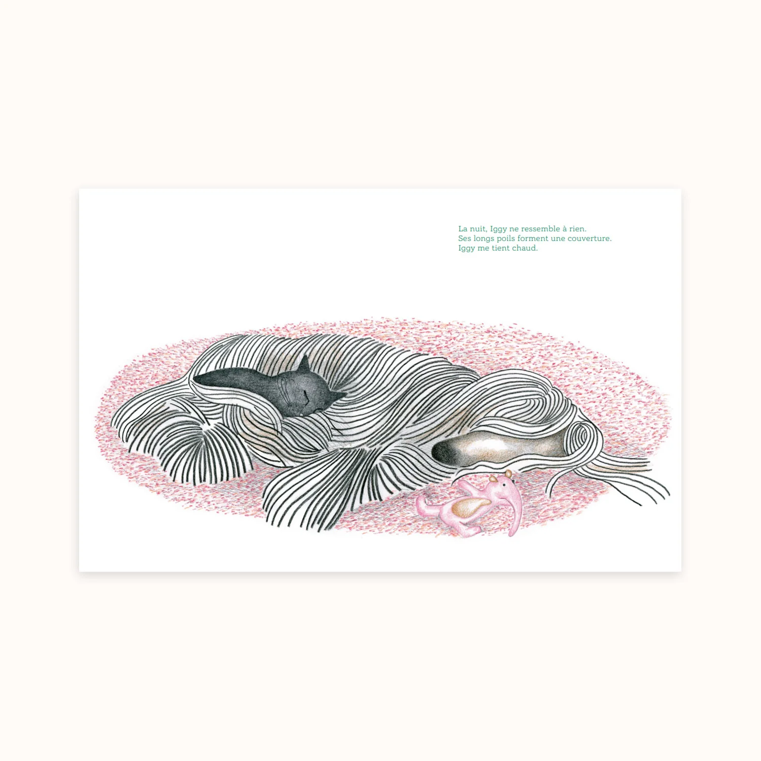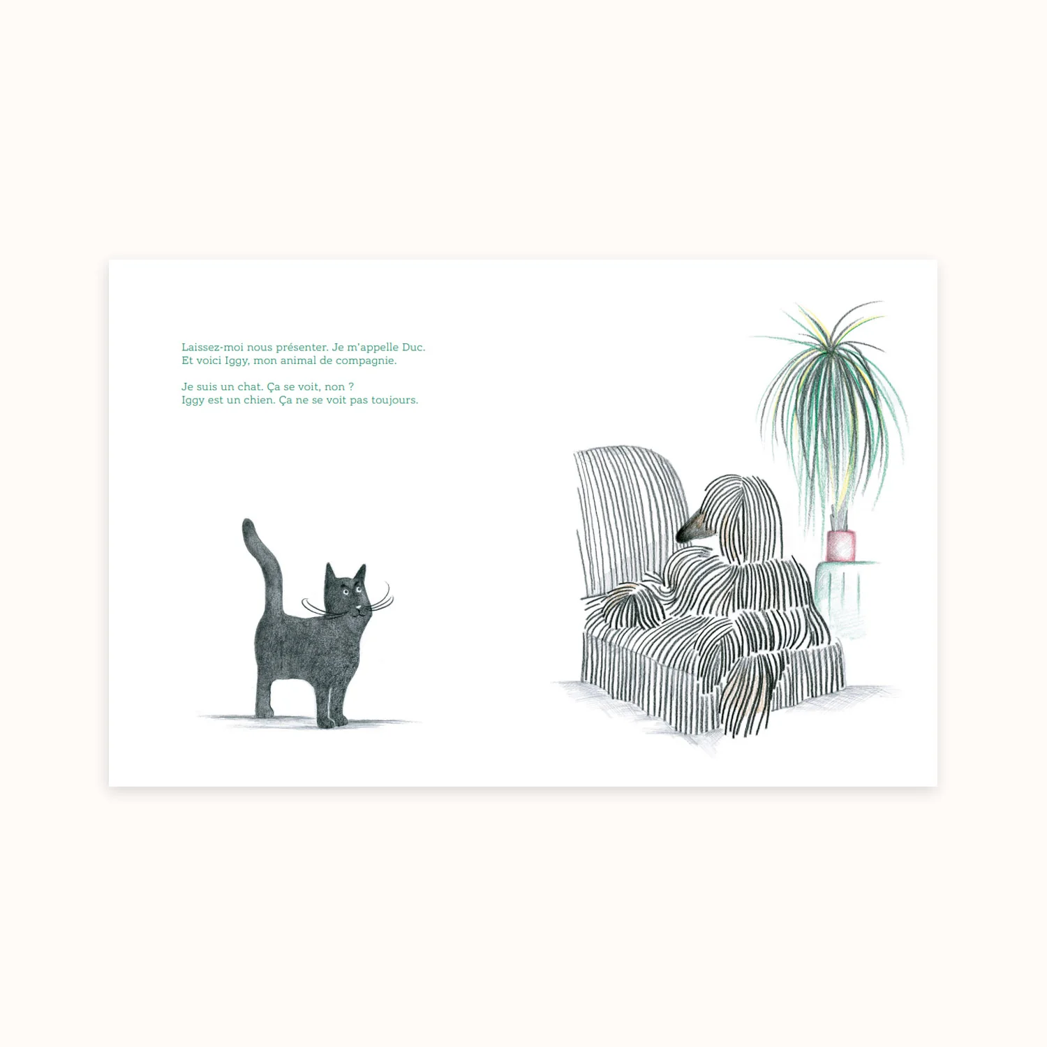 Le texte d’Alex Cousseau est comme toujours parfait. Mais cette fois, il l’a écrit pour que Janik Coat puisse renouer avec le dessin au crayon et s’amuser comme une folle avec ce grand échalas aux longues rayures (nous parlons d’Iggy, pas d’Alex Cousseau
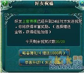 3.好友升级时,会收到好友升级提示,点开祝福窗口即可通过向好友发送祝福,则玩家与被祝福的好友都将获得经验奖励。
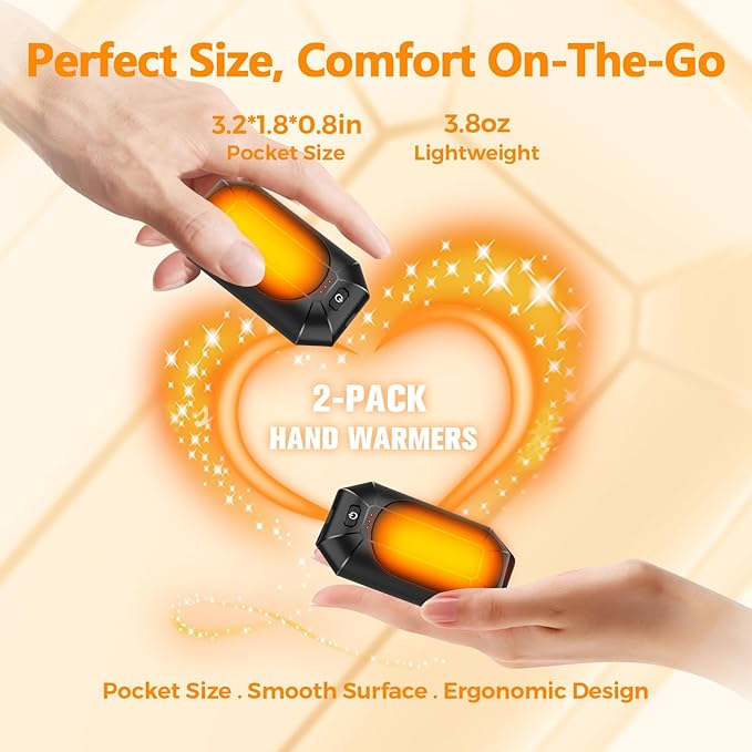 - [This Winter is Not Cold Outdoor] With a slim 0.8-inch thickness, the 2023 pocket rechargeable hand warmers effortlessly slip into pockets or gloves. Weighing only 1.9oz each, they're ideal for outdoor activities like golf, fishing, hiking, camping, sports matches, dog walks, travel, and hunting. Perfect as camping accessories, golf accessories for men, or ice fishing essential, hiking gear and more. Stay warm and make every outdoor moment cozy with this rechargeable hand warmers!
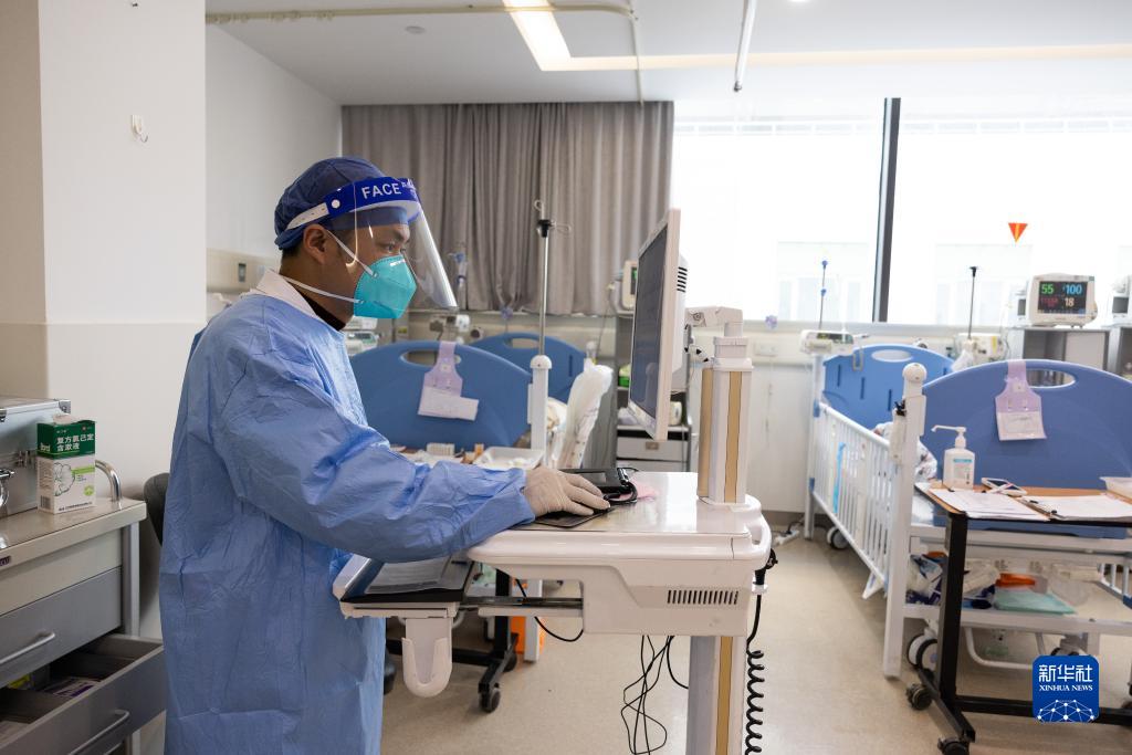 12月27日,在上海交通大学医学院附属新华医院儿童急诊ICU阳性病区,医生在输入病例信息。
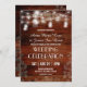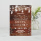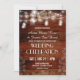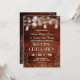 La elegante y moderna invitación incluye jarras de albañil, luces de cuerda, eucalipto sobre un fondo rústico de grano de madera. Haga clic en el personalizar para cambiar el estilo de fuente o agregar más texto para adaptarlo a sus necesidades.
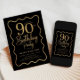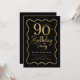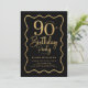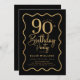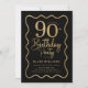 Black gold 90th birthday party invitation. Trendy modern design, perfect for a stylish men's or women's bday celebration. Features wavy border and script font. Customize with your own details. Message me if you need custom age. Printed Zazzle invitations or instant download digital printable template.
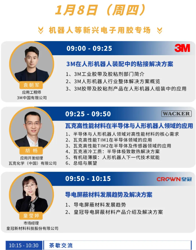 3M/ITW/波士膠/瓦克/洛德/綜研/賀利氏/旭川/康達(dá)/德邦/晶華/皇冠/之江/優(yōu)邦/首騁/三沃/徽氏/艾布納/拜高邁道/優(yōu)寶/尤尼威爾/松耀/鈞崴電子/博馳電子/津肅/卡夫特/瑞洋安泰/硅創(chuàng)/勇泰運(yùn)/航天化學(xué)/長(zhǎng)榮化工/博楓/密煉/運(yùn)銳/太亦/華為/新凱來(lái)/匯川/韶音/意法半導(dǎo)體/森霸/科敏/漢威/和而泰/威星國(guó)際等高端電子用膠產(chǎn)業(yè)的巨頭名企精英代表已報(bào)名參會(huì)!
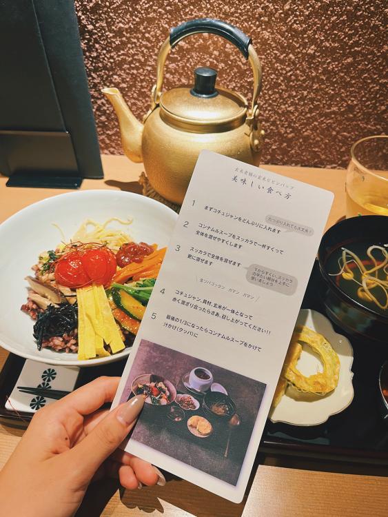 御膳にのって登場♪ ピビンパップに玄米と彩鮮やかなナムルがたっぷり入っていて嬉しい◎
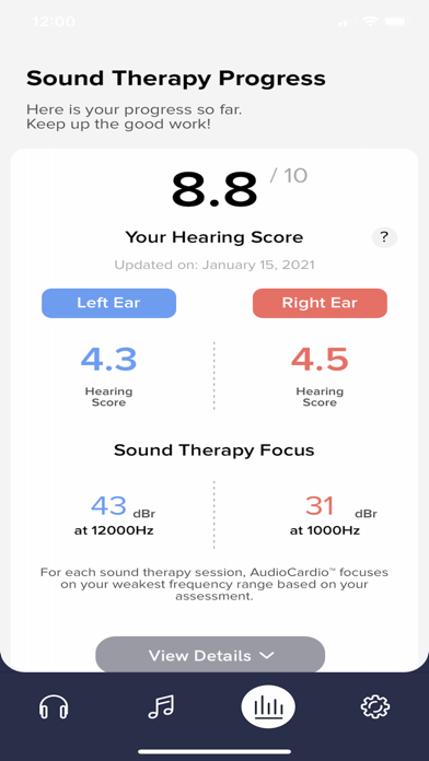 AudioCardio’s data and science backed solution allows you to check your hearing and generate a personalized sound therapy (inaudible) that aims to maintain and strengthen your ears.
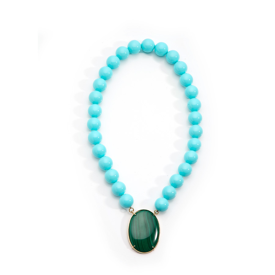 Se encante com o azul marcante da Turquesa em uma combinação única com pingente de Malaquita em ouro amarelo 18k. Os pingentes são removíveis, permitindo que cada cliente personalize seu colar de acordo com estilo e humor.
● ● ● ● ●
■ Required work:
Beginning with the line that contains "12月27日,在上海交通大学", output each line of the material above through the last one exactly as it stands. Do not include the pictures.

■ Solution to the problem:
 12月27日,在上海交通大学医学院附属新华医院儿童急诊ICU阳性病区,医生在输入病例信息。
 La elegante y moderna invitación incluye jarras de albañil, luces de cuerda, eucalipto sobre un fondo rústico de grano de madera. Haga clic en el personalizar para cambiar el estilo de fuente o agregar más texto para adaptarlo a sus necesidades.
 Black gold 90th birthday party invitation. Trendy modern design, perfect for a stylish men's or women's bday celebration. Features wavy border and script font. Customize with your own details. Message me if you need custom age. Printed Zazzle invitations or instant download digital printable template.
 3M/ITW/波士膠/瓦克/洛德/綜研/賀利氏/旭川/康達(dá)/德邦/晶華/皇冠/之江/優(yōu)邦/首騁/三沃/徽氏/艾布納/拜高邁道/優(yōu)寶/尤尼威爾/松耀/鈞崴電子/博馳電子/津肅/卡夫特/瑞洋安泰/硅創(chuàng)/勇泰運(yùn)/航天化學(xué)/長(zhǎng)榮化工/博楓/密煉/運(yùn)銳/太亦/華為/新凱來(lái)/匯川/韶音/意法半導(dǎo)體/森霸/科敏/漢威/和而泰/威星國(guó)際等高端電子用膠產(chǎn)業(yè)的巨頭名企精英代表已報(bào)名參會(huì)!
 御膳にのって登場♪ ピビンパップに玄米と彩鮮やかなナムルがたっぷり入っていて嬉しい◎
 AudioCardio’s data and science backed solution allows you to check your hearing and generate a personalized sound therapy (inaudible) that aims to maintain and strengthen your ears.
 Se encante com o azul marcante da Turquesa em uma combinação única com pingente de Malaquita em ouro amarelo 18k. Os pingentes são removíveis, permitindo que cada cliente personalize seu colar de acordo com estilo e humor.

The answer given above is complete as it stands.